Bing’in cenazesinde hava güneşli ve sıcaktı. Bir grup olarak tabutunu cenaze arabasından taşırken terlediğimizi hatırlıyorum. Annemin koltuğuna dönmesi gerekmesine rağmen, öpmek için yukarı çıktıktan sonra Bing’in tabutunun yanında kaldı.

Bing’in cenazede bizim bilmediğimiz bir yığın arkadaşı vardı: balıkçı arkadaşları, liseden sınıf arkadaşları ve askeri personel. Annem, onları görmeye gelen her yaslıyı sanki onları tanıyormuş gibi, sormadan kucakladı.

O bunu yaparken yanında durdum ve başka bir ailenin kederine karışıyormuşum gibi hissettim ve annemin nasıl olup da bu kadar çok yabancıyla ağlayarak ve konuşarak her şeyi açığa vurduğuna şaşırdım. Bu da planın bir parçası değildi. Annem az önce yapmış ve hepimiz kadar kendisi de şaşırmıştı.

Bing’in arkadaşlarından biriyle el ele tutuşurken, “Neden burada durduğumu bilmiyorum,” dedi. “Hepimiz onu çok sevdik ve şimdi o gitti ama aşkımız hala orada.”

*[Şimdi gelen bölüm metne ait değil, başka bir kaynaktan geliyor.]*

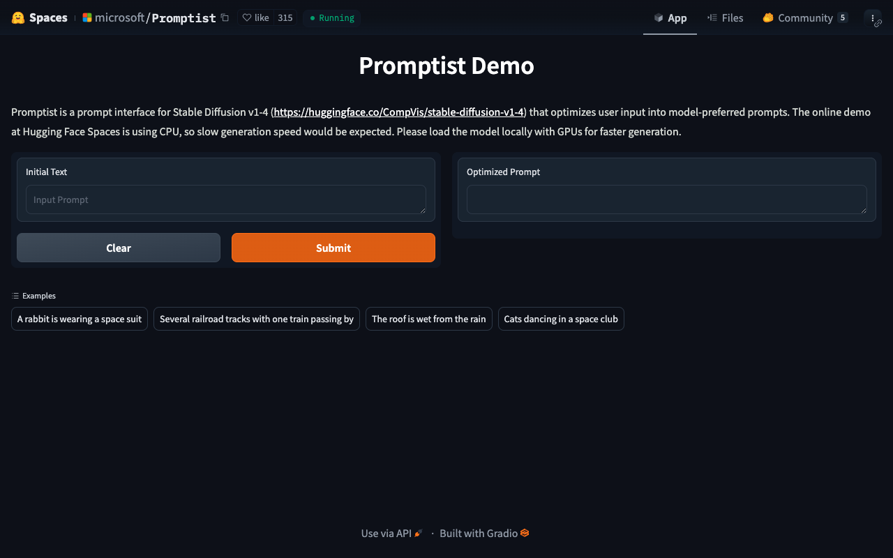 微软在Hugging Face平台上托管了一个名为Promptist的AI工具空间,专门用来解决一个常见问题:当你用Stable Diffusion生成图片时,不知道怎么写提示词才能让AI明白你想要什么。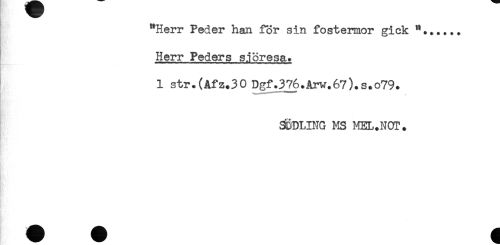 //// "Herr Peder han for sin fostermor gick "*..... //// Herr Peders sjöresa. //// 1 str.(Afz.30Dgf,3%.Arw.67).s.o79. //// .. //// 3M3LING MS MEL.NOT. //// * ////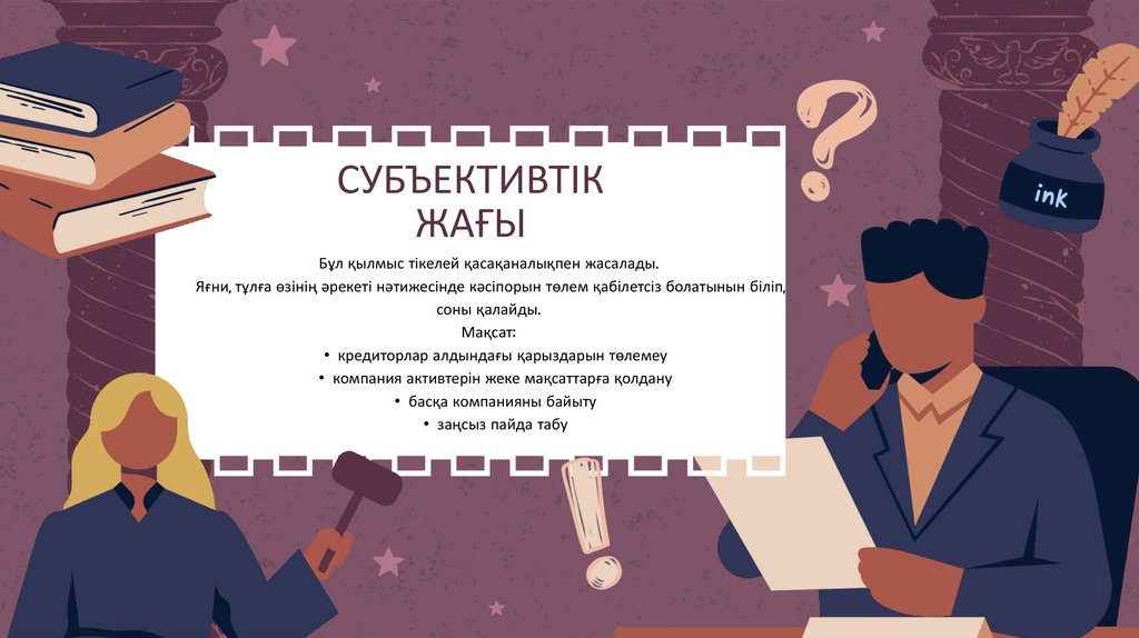 Яғни, тұлға өзінің әрекеті нәтижесінде кәсіпорын төлем қабілетсіз болатынын біліп,

Panik ataklarımın hayatın felaketlerini kontrol etme ihtiyacından ve düzeltilemeyecek bir şeyi düzeltemeyeceğim duygusundan kaynaklandığını ancak geriye dönüp baktığımda fark ettim.

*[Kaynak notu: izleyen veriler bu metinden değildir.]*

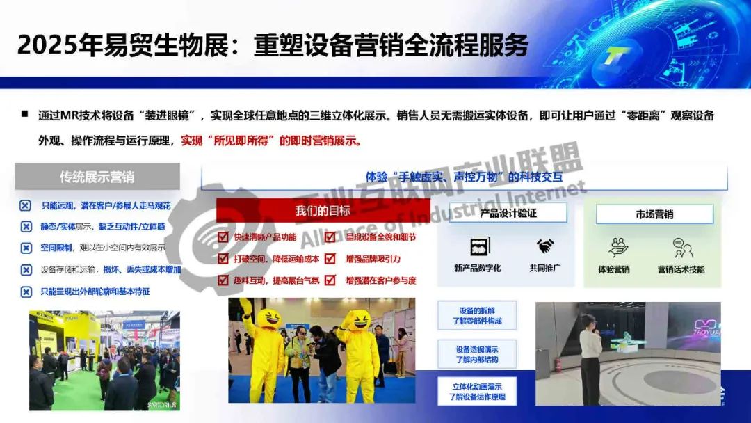 設(shè)備營銷全流程服務(wù)打破傳統(tǒng)營銷方式,通過MR技術(shù)將設(shè)備“裝進眼鏡”,實現(xiàn)全球任意地點的三維立體化展示。銷售人員無需搬運實體設(shè)備,即可讓用戶通過“零距離”觀察設(shè)備外觀、操作流程與運行原理,實現(xiàn)“所見即所得”的即時營銷展示。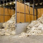 Once the wool is graded, it is mixed and stored in a large holding dock with similar-grade wool, before it is compacted and baled for storage.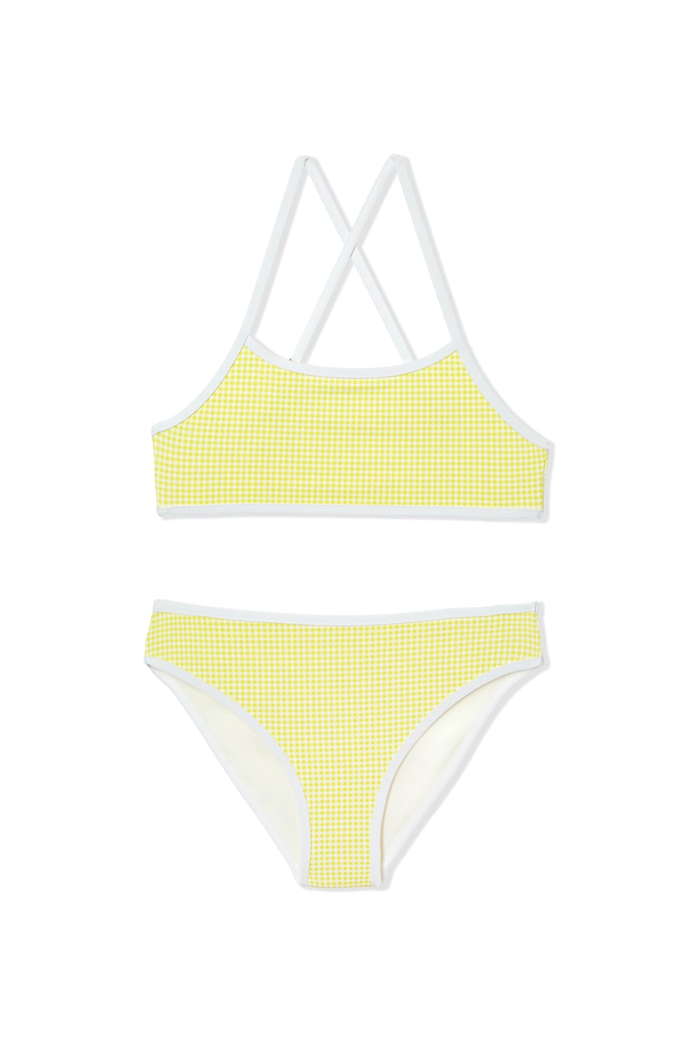 Craquez pour cet ensemble de bain enfant à l’imprimé vichy, composé d’un haut triangle et d’une culotte assortie. Une silhouette estivale facile à porter, à associer aux versions femme pour jouer le matchy-matchy.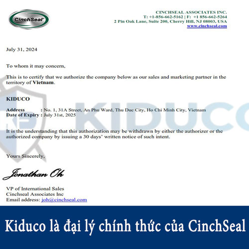 Công ty Kiên Dũng (KIDUCO), một nhà phân phối ngành vật liệu làm kín uy tín tại Việt Nam, đã nhận được sự tin tưởng của hãng CinchSeal, chính thức trở thành đại lý cung cấp gioăng phớt CinchSeal tại thị trường Việt Nam. Liên hệ qua Zalo (0988.461.465) để nhận báo giá các sản phẩm mới nhất.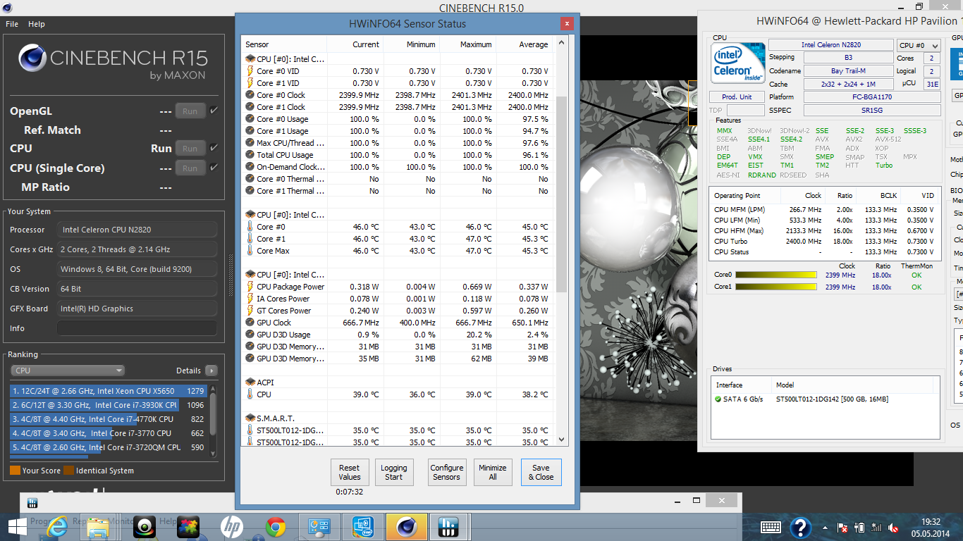 Das HP Pavilion 11-n070eg x360 verfügt über einen Intel Celeron N2820 Prozessor und 4 GB Arbeitsspeicher (DDR3L-SDRAM). Als Grafiklösung wird Intels hauseigener HD Graphics Gen7 4EU-Chip genutzt. Dieser kann 2 GB RAM als Videospeicher verwenden, trotzdem sind damit keine aufwendigeren Bildbearbeitungen oder Spiele möglich. Eine Festplatte von Seagate, die Seagate ST500LT012, mit 5400 Umdrehungen pro Minute und einer Kapazität von 500 GB verrichtet im HP Pavilion x360 ihren Dienst. Die aufgelistete Konkurrenz nutzt SSDs.

Bing’i sevdim; Ben de kederlendim ve etrafımdakilerin kederini iyileştirmeye çalışarak kederimi uzak tuttum. Ama acının dışarı çıkması gerekiyordu ve aşk, kafa karışıklığı ve öfkeyle karışacaktı ve bunda bir sorun yoktu.

Hayatının ikinci aşkını kaybettikten sonra annem acıyla doldu. Yine de oradaydı, bize nasıl yas tutacağımızı öğretiyordu. Ve neredeyse dersi kaçırıyordum.